Immunopathogenesis and immunotherapy of diabetes-associated periodontitis.

Abstract

Objectives: This paper aims to review the immunopathogenesis of Diabetes-associated periodontitis (DPD) and to propose a description of the research progress of drugs with potential clinical value from an immunotherapeutic perspective.

Materials and methods: A comprehensive literature search was conducted in PubMed, MEDLINE, Embase, Web of Science, Scopus and the Cochrane Library. Inclusion criteria were studies on the association between diabetes and periodontitis using the Boolean operator "AND" for association between diabetes and periodontitis, with no time or language restrictions. Search terms included diabetes mellitus, periodontitis, immunopathogenesis, specific immunity, non-specific immunity, flora, estrogen, pharmacological treatment, immunotherapy.

Results: Alterations in the subgingival flora environment in a hyperglycemic environment elicit an immune response. Overactivity/suppression of nonspecific immune cells and impaired cellular defenses trigger specific immune responses. Epigenetics as well as female hormones also play a role.
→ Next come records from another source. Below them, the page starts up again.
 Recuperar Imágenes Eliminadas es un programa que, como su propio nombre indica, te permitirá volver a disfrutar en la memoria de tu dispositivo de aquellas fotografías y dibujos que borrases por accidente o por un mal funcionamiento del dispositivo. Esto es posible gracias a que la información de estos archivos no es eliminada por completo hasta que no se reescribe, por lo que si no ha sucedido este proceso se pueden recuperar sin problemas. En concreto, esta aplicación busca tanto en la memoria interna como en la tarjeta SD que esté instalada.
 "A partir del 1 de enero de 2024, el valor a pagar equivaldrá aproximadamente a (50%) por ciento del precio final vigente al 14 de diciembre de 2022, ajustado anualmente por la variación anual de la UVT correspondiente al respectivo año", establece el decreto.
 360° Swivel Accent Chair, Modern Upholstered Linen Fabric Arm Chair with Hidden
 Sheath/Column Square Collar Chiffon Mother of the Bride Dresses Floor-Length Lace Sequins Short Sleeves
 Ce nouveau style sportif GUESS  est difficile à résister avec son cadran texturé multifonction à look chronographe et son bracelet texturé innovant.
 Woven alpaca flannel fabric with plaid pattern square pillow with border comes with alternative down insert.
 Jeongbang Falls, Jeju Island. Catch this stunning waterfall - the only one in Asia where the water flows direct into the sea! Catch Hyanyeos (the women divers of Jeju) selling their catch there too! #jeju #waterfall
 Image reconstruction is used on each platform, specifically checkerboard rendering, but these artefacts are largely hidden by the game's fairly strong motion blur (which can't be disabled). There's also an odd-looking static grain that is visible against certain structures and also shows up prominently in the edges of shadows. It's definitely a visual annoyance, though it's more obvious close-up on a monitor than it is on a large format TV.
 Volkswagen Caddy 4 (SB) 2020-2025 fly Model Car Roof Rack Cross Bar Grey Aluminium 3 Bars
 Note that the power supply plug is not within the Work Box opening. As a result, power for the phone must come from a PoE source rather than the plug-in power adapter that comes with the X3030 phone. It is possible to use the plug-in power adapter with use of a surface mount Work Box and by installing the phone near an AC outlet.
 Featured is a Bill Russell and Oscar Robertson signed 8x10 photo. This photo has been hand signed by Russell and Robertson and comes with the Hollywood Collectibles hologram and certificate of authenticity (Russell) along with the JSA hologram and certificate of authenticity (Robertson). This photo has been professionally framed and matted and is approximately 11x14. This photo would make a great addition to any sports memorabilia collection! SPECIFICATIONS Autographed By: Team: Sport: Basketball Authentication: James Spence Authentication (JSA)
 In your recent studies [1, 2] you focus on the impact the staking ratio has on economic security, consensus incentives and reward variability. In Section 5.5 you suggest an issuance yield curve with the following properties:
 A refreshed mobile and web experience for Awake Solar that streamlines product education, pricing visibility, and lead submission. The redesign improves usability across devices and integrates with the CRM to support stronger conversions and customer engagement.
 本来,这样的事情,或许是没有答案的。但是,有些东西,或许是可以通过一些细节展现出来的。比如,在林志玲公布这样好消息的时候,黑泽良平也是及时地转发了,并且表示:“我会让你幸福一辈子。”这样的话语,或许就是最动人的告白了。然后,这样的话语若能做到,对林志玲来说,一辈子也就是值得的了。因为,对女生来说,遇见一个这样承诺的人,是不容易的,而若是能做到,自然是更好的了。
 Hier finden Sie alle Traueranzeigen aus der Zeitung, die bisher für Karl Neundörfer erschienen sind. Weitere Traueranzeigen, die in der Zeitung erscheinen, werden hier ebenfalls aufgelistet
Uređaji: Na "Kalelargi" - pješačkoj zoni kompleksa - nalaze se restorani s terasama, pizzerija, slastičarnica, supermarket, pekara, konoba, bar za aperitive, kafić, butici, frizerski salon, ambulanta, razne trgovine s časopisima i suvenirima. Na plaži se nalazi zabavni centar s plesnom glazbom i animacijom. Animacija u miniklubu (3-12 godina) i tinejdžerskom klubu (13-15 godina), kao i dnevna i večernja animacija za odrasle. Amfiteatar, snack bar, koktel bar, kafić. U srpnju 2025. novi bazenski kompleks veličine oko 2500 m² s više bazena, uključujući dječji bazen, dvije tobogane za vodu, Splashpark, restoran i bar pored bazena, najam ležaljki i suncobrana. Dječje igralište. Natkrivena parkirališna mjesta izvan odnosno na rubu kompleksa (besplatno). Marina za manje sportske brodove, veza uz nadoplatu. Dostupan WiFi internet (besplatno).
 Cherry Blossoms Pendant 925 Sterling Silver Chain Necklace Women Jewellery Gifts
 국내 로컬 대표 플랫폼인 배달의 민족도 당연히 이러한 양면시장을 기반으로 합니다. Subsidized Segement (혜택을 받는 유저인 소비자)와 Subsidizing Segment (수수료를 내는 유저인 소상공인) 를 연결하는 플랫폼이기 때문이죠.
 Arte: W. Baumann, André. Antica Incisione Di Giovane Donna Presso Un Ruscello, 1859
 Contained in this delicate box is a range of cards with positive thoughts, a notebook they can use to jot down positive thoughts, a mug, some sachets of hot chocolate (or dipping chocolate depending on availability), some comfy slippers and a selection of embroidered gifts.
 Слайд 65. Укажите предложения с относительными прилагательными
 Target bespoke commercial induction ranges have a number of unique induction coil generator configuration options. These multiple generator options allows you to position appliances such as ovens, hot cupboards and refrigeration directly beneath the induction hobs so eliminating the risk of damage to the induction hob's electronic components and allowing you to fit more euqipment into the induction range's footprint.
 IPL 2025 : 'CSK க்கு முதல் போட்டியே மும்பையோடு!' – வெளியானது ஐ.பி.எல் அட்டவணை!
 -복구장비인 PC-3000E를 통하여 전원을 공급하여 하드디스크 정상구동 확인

There is already a small amount of clinical evidence for the role of metronidazole, subantimicrobial doses of doxycycline, minocycline hydrochloride, and metformin in the treatment of DPD. Some preclinical studies have also accumulated experimental evidence for the improved effects of vitamin D3 and other drugs on DPD.

Conclusions: The development of diabetic periodontitis is immunologically linked to a state of immune imbalance and therefore holds great promise for the use of immunotherapeutic drugs.

Clinical significance: Immunotherapy with drugs along with periodontal nonsurgical treatment could provide ideas for DPD treatment based on the immunopathogenesis of DPD.